#### What you will do:
The answer must reproduce all of the data below exactly and contain no images.

--- Raw data Enclosed Below ---

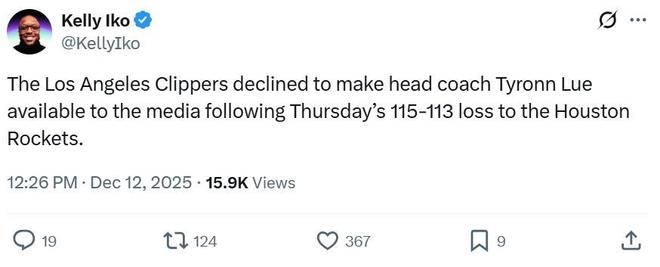 更为诡异的是,赛后火箭队记Kelly Iko曝出,快船队拒绝泰伦卢赛后接受采访。
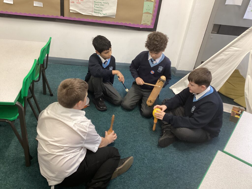 In music, Year 4 explored the idea of an ostinato, which is a short musical pattern that is repeated over and over again. Using rivers as their theme, the children thought carefully about how music can represent flowing water, movement, and changes in speed. They experimented with a range of instruments and chose the ones they felt were most suitable for their river-inspired ostinatos. After practising and refining their patterns, the children confidently performed their ostinatos to the class, showing excellent teamwork, creativity, and listening skills.
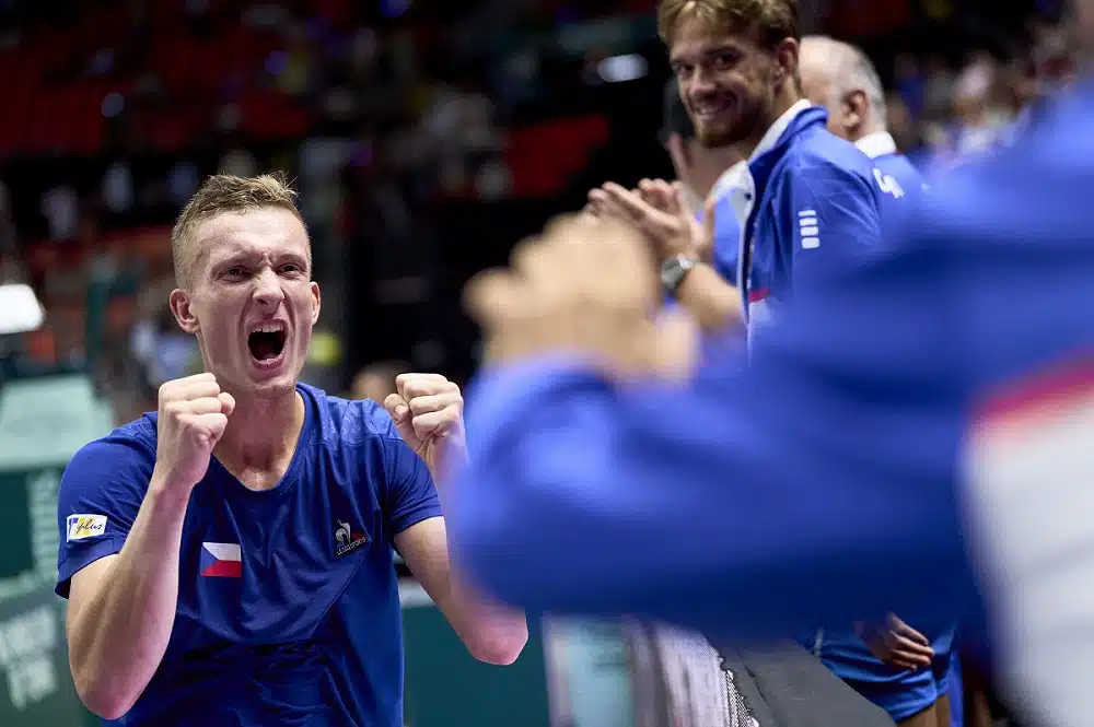 Per l’incontro di doppio il capitano ceco Jaro Navratil, sul punteggio di 2-0 sceglie di far riposare il tennista di punta Jiri Lehecka e opta per il classe 2005 Jakub Mensik. E Il giovanissimo atleta di Prostejov, alto 193 centimetri, si rivela l’uomo in più nella giornata perfetta della squadra ospite.
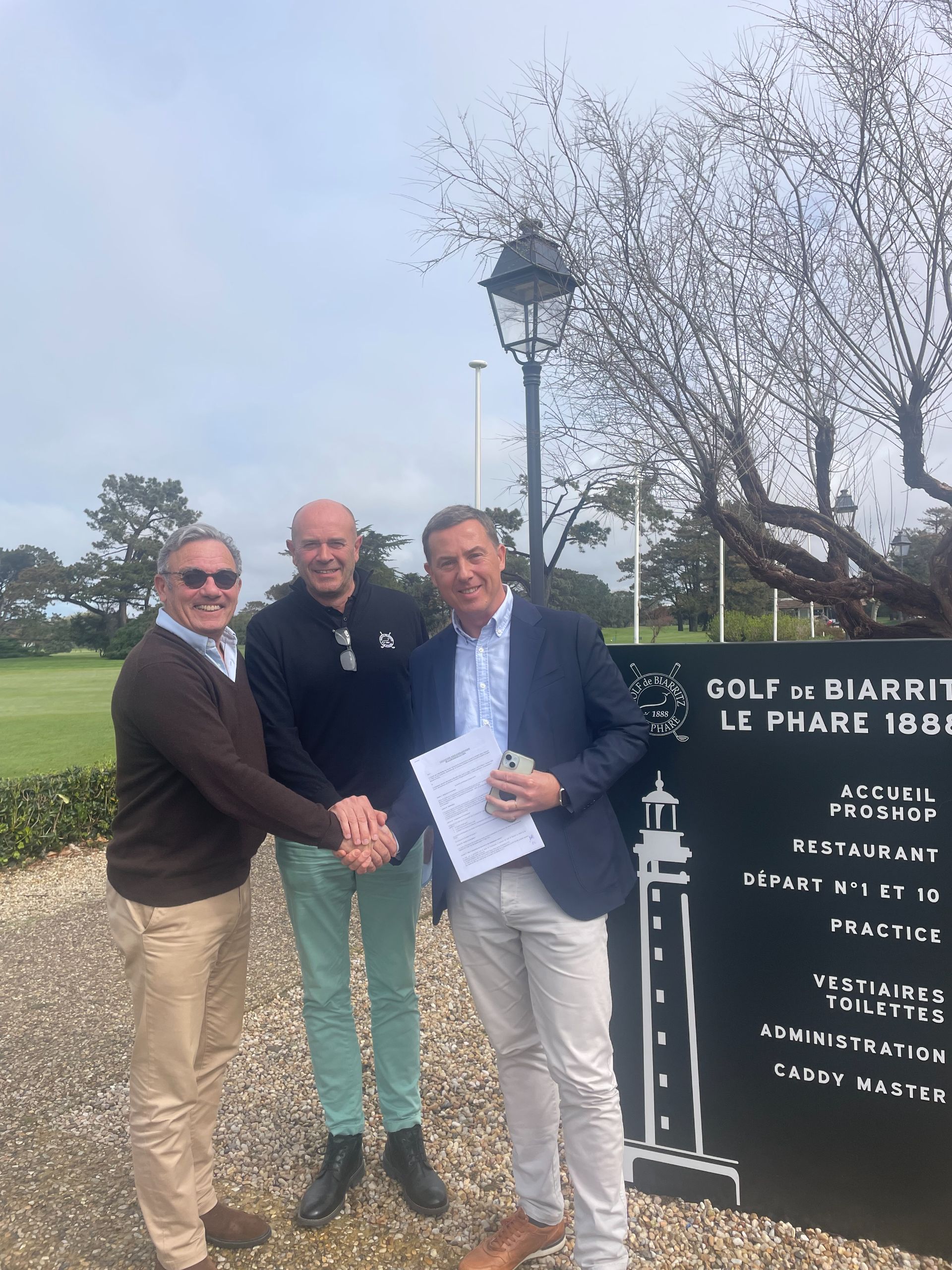 Edouard CHAZOUILLERES, président de la société des Golfs de Biarritz et Philippe SABARROS, président de l'Association Sportive des Golfs de Biarritz sont heureux de vous annoncer la signature de la convention qui liera désormais les deux structures dans le cadre de leur étroite collaboration pour le développement sur le Golf de Biarritz le Phare et le Centre Internationnal d'Entrainement au Golf d'Ilbarritz.

--- End of Enclosed Raw data ---

#### Exercise solution:
 更为诡异的是,赛后火箭队记Kelly Iko曝出,快船队拒绝泰伦卢赛后接受采访。
 In music, Year 4 explored the idea of an ostinato, which is a short musical pattern that is repeated over and over again. Using rivers as their theme, the children thought carefully about how music can represent flowing water, movement, and changes in speed. They experimented with a range of instruments and chose the ones they felt were most suitable for their river-inspired ostinatos. After practising and refining their patterns, the children confidently performed their ostinatos to the class, showing excellent teamwork, creativity, and listening skills.
 Per l’incontro di doppio il capitano ceco Jaro Navratil, sul punteggio di 2-0 sceglie di far riposare il tennista di punta Jiri Lehecka e opta per il classe 2005 Jakub Mensik. E Il giovanissimo atleta di Prostejov, alto 193 centimetri, si rivela l’uomo in più nella giornata perfetta della squadra ospite.
 Edouard CHAZOUILLERES, président de la société des Golfs de Biarritz et Philippe SABARROS, président de l'Association Sportive des Golfs de Biarritz sont heureux de vous annoncer la signature de la convention qui liera désormais les deux structures dans le cadre de leur étroite collaboration pour le développement sur le Golf de Biarritz le Phare et le Centre Internationnal d'Entrainement au Golf d'Ilbarritz.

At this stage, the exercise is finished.